Rick Everitt wrote in his magnificent book ‘Battle for The Valley’ that the atmosphere that day was poisonous and the whole afternoon was a shambles of discontent, and they’re exactly what my memories of the day are. The anger and absolute helplessness had built inside me from a fortnight before when we were handed that extraordinary piece of paper entitled ‘Message to our Supporters.’
Many would argue that 21st September, 1985 was the day that Charlton fans united and that jointly going through the pain of leaving The Valley was the springboard to a new and brighter chapter in the club’s history. It was, but at that moment 25 years ago there wasn’t the slightest glimmer of what the future held.
I was there that day but it was a very surreal experience. There was no real media coverage and I had just started my first job and I’m not even sure I’d shared my Saturday afternoon hobby with the people I worked with yet. 8,858 were left to mourn a 66-year old friend alone. No one else gave a shit.

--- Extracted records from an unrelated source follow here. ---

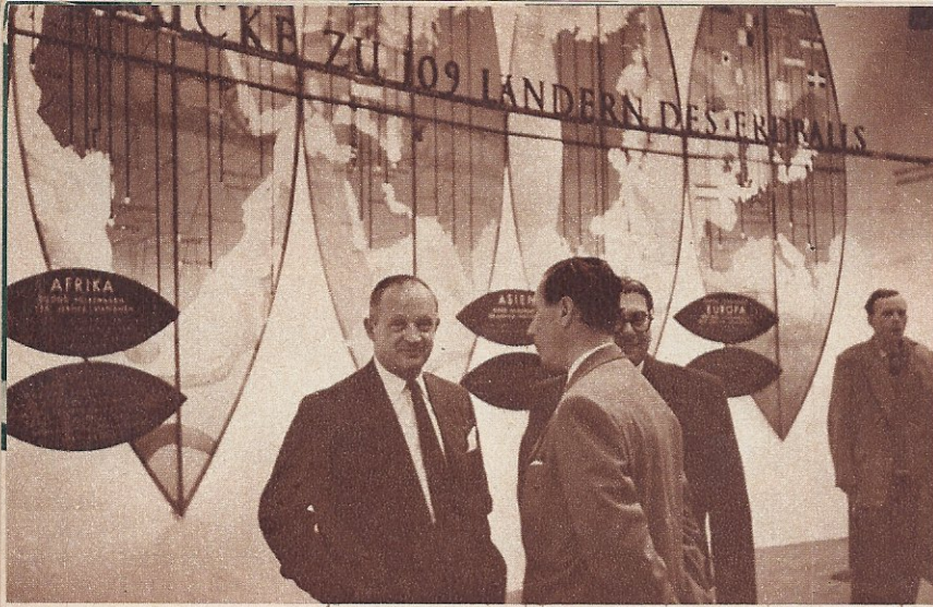
The 37th Frankfurt show, a biennial affair, was notable as much for sumptuous settings as for new cars. Volkswagen boss Nordhoff (at left, facing camera) stands before a stylized map of the world—more and more, these days, his world.
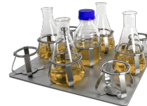
P-9/500 BS-010135-AK platform
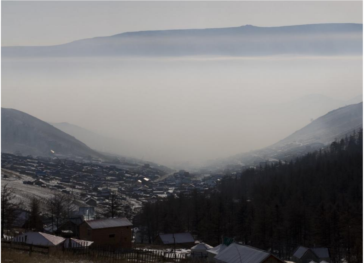
A view from a ger district on the outskirts of Ulaanbaatar.

Accessed via Flickr on 1 September 2022. Click here to view source.

Like others I shouted abuse at nobodies in the stand and was on the pitch after the game, finally getting on from the closed East Terrace once the old bill gave up the chase. I remember only leaving after a man who had climbed the floodlight pylon, was finally coaxed down and my Dad insisted there was nothing else to see.
I took some turf home dug from the pitch and planted it in my Mum’s garden. It died. My brother and I used to drive to the vacated Valley on Sundays afterwards and break in, well it wasn’t really breaking in, it was climbing in and we would wander around and read the grafitti that others had left. We used to have conversations regularly about which team we would support when Charlton died.
I’m sat here with a tear in my eye after reading (again) this thread on Charlton Life and I have a tingle down the back of my spine. What it is to support a real club, eh?
If you have never read Rick Everitt’s ‘Battle for The Valley’, then do anything to find a copy.